Le nouveau commerce (1ère partie)
Laissons Petit Popo un instant, avec ses intrigues et ses luttes d’influence. Descendons maintenant l’échelle du temps jusqu’au premier quart du 19 ème siècle et plongeons-nous dans les lagunes boueuses du delta de la Volta 230 km à l’ouest.
Sur cette bande de terre entre mer et lagune vivent les Anlo. Ils tirent avantage de leur position géographique pour développer des talents de navigateurs et de commerçants avec les peuples de l’intérieur des terres.
Dans cet environnement, le changement est plus que jamais d’actualité, la traite négrière est abolie depuis 1815 entraînant concomitamment une recomposition des forces en présence sur la côte. Les Hollandais, Portugais, Espagnols auront lutté jusqu’au bout pour maintenir ce commerce devenu illégal mais doivent se rendre à l’évidence. Les arraisonnements réguliers au large de la désormais ancienne côte des esclaves rendent le vil commerce impossible. Les marchands anglais, français, allemands ont su changer leur fusil d’épaule. De nouveaux commerces certes moins lucratifs mais légaux, eux, apparaissent : alcool, poudre, débarquent sur la côte tandis que huile de palme, noix de palmiste, coprah, maïs sont exportés.
Le Danemark va suivre le mouvement de retrait et proposer à la Grande Bretagne de lui racheter l’ensemble de ses possessions sur les côtes de la Gold Coast constitués de points de fortification étalés entre Accra avec le Château de Christiansborg (longtemps résidence des chefs ghanéens par la suite – The Osu Castle) et le pays Anlo plus à l’Est.
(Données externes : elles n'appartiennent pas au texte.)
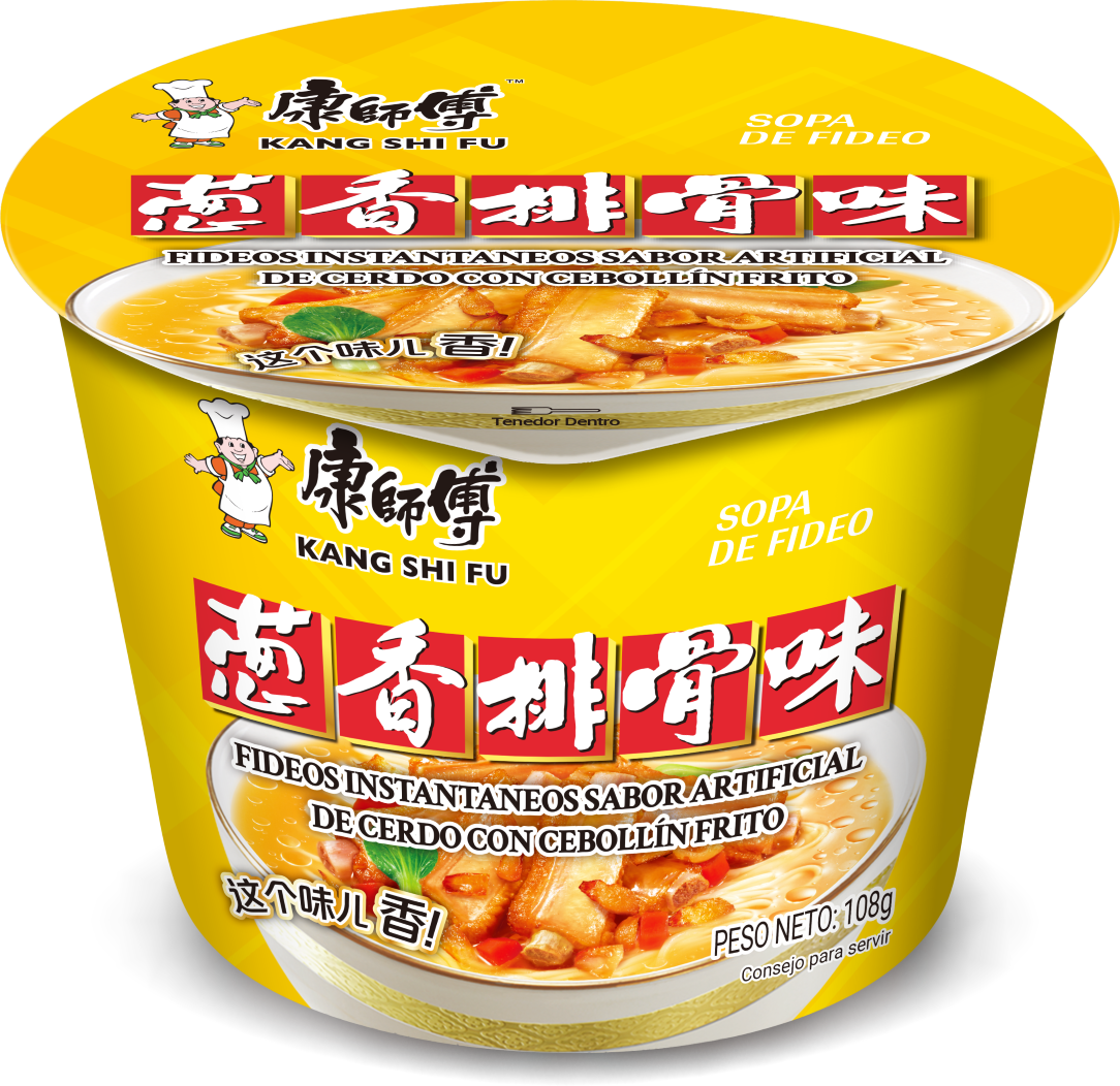 Fideo instantaneo - sopa de fideo kang shi fu, sabor artificial de cerdo con cebollín frito 108g*pote.

Prix de départ 285.000 Livres Sterling de l’époque. L’offre porte sur 5 fortifications au total. Les Britanniques dédaigneront l’offre, histoire de faire baisser le prix. La vente sera finalement conclue le 31 Décembre 1849 pour le prix de 10.000 Livres Sterling (entre 657 Millions et 1,160 Milliards de Francs CFA – Evaluation 2007). Mars 1850 verra les Britanniques prendre possession de leur bien au point le plus à l’Est au fort de Keta (33 km derrière la frontière actuelle du Ghana avec le Togo). Cet état de fait ne durera cependant pas longtemps. Ils se retirent fin 1855, constatant le coût élevé de cette possession dans une zone ne présentant aucun intérêt stratégique. Entre temps, la Société des Missions d’Allemagne du Nord, plus connue sous le nom de Mission de Brême aura eu le temps de s’installer à Keta également, marquant l’arrivée de l’Allemagne parmi les forces en présence. Une double vocation sous-tend son action : évangéliser et commercer. Ces deux missions a priori incompatibles vont aboutir à une scission en 1868 donnant naissance à la Mission de Brême (fondatrice de l’Eglise Evangélique Presbytérienne au Togo et au Ghana) et la Factorerie de Brême, même si elles demeureront intimement liées, les mêmes familles, les Vietor notamment fournissant les cadres des deux institutions. Le retrait britannique quant à lui, sera complet en 1859 et la côte retrouvera sa quiétude.
Cette zone laissée libre verra alors prospérer après une brève reprise de la traite, le commerce nouveau. Et avec lui, de nouveaux acteurs jusque là inexistants sur la côte de Guinée : les cabécères, des self-made men, anciens esclaves libérés sierra-léonais (sujets britanniques), brésiliens, mulâtres portugais, anciennes familles de la côte. Leur puissance économique, leur pouvoir de déstabilisation au profit de leur commerce leur fera jouer un rôle déterminant dans les événements qui aboutiront à la naissance du Togo en tant qu’entité internationalement reconnue un quart de siècle plus tard.
Mais la quiétude évoquée plus haut durera pas longtemps. Le canon tonne bien souvent sur cette côte aux allures paisibles. Les Anlo, en effet sont liés aux Ashantis dominateurs de la région dont la capitale Kumasi est située plus au Nord, par un faisceau souterrain de liens depuis des époques immémoriales. Ils refusent également l’impérialisme britannique et se soulèvent sporadiquement. Reprenant la pratique installée par l’occupant danois, les Britanniques bombardent régulièrement à partir de navires de guerre positionnés au large les villages côtiers anlo pour briser la résistance. 1874 verra la fin de l’affrontement anglo-ashanti. En Janvier-Février, lors d’un assaut décisif les Britanniques pénètrent dans Kumasi. Le traumatisme est alors si grand que les Ashantis doivent déposer les armes. Le traité de Fomena le 13 Février mettra définitivement fin au conflit avec la concession par les Ashantis de tous les territoires sous leur influence sur la côte, le pays Anlo y compris.